# Pc aufrüsten Tipps für Prozessor



## cleanerleon (4. Oktober 2014)

*Pc aufrüsten Tipps für Prozessor*

Guten Abend,
Da ich finde dass mein Pc mittlerweile etwas unangemessen für die neuesten Spiele ist, das wären bei mir primär WoW und Arma3, habe ich vor meinen Pc aufzurüsten und wollte ein paar Meinungen zu den aktuellen Prozessoren hören.

Zu meinem derzeitigen Setup:

Mainboard: MSI 760gm-p23
Prozessor: AMD FX-4100
Grafikkarte: Sapphire Vapor-X R9 280X Tri-X
(Die habe ich schon aufgerüstet sowie das Netzteil, kann aber das volle Potential ohne entsprechenden Prozessor nicht wirklich nutzen)
Netzteil is von Be quiet! 500W
RAM sind 8GB Marke kann ich jetzt aus dem Stehgreif nich sagen
Und Festplatte is von Western Digital 750GB auch schon etwas älter überlege die mit einer SSD zu verstärken

So meine Frage wäre jetzt: Gibt es Prozessoren die sich von der Preis/Leistung her lohnen und noch in mein Mainboard passen und auch noch bei hohen Grafikeinstellungen mithalten können? Oder falls es sich nicht lohnt das alte Mainboard weiter zu nutzen, was würdet ihr mir als CPU Mainboard Kombi empfehlen was natürlich zu Grafikkarte und Netzteil zumindest passen sollte, da ich die jetzt ungern noch tauschen möchte ;D

Vom Budget her bin ich da noch nicht so festgelegt und wenn sich für relative Mehrkosten was besseres mehr lohnen würde, wäre ich da nicht abgeneigt, aber grob würde ich für den Prozessor alleine so 150-180 Euro zahlen und zusammen mit Mainboard so ca. 240-260 Euro.

Zum Overclocken werde ich denke ich in den nächsten Wochen erstmal nicht übergehen aufgrund relativer Unerfahrenheit es ist aber nicht auszuschliessen, dass ich mich da mal ranwagen werde, daher auch die relativ kühlstarke GraKa.

So hoffe jemand hat Lust sich meiner Mal anzunehmen und kann mir da vielleicht ein paar vielversprechende Tipps zu Angeboten geben.
Gruß Leon


----------



## Herbboy (5. Oktober 2014)

Da gibt es leider keine aktuellen passenden CPUs mehr.

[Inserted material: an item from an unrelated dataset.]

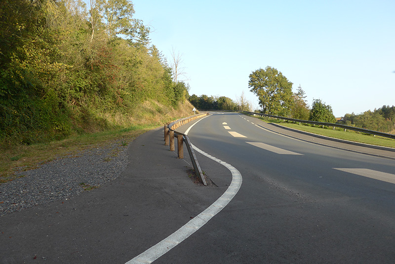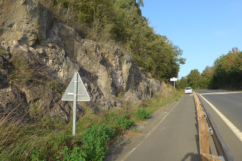 L’accès aux affleurements a été sécurisé grâce au passage de la route à trois voies à une route à deux voies. Le long du talus, la circulation des piétons est protégée par une barrière de sécurité. Un trottoir a été aménagé de l’autre côté de la route.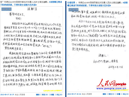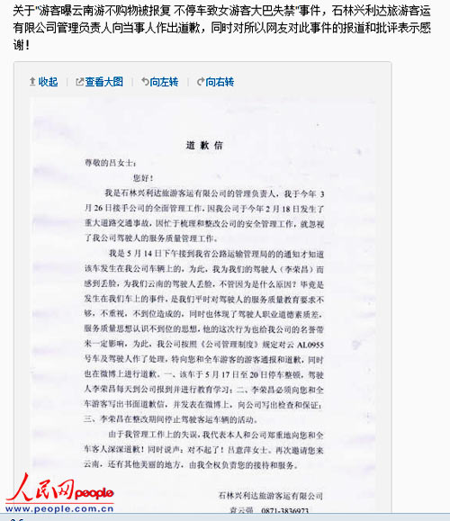 | 名为“处理结果”的非认证用户同时还通过人民微博发布了石林兴利达旅游客运有限公司管理负责人向当事人作出的道歉(人民网截图) |

Aber ein Intel Core i5 4460 für ca 160€ plus ein Mainboard H97-Chipsatz ca 75€, zB ASRock H97 Pro4 bzw. H97M Pro4, falls Die Gehäuse µATX hat - das wäre dann wieder absolut Top. Wäre aber die Frage, was für RAM Du hast ^^


----------



## cleanerleon (5. Oktober 2014)

Ok das is doch schonmal was.

Was wäre der nächste Cpu eine Preisstufe drunter bzw. drüber?
RAM habe ich 2 4GB Crucial Riegel mit 667Mhz drin
Zum  Gehäuse kann ich dir nicht sagen welchem Standard es entspricht war ein  Fertig PC für knapp 400 Euro damals.. kann man das irgendwie  rauskriegen was für ein Gehäuse man hat?
Danke schonmal


----------



## Herbboy (5. Oktober 2014)

Also, das Mainboard ist µATX, und wenn du Dir da mal vorstellst, dass ein Board "nach unten" länger ist: würde das noch passen? Wenn nein, dann hat das Gehäuse µATX. So oder so kannst Du aber µATX nehmen, das schadet ja auch nicht.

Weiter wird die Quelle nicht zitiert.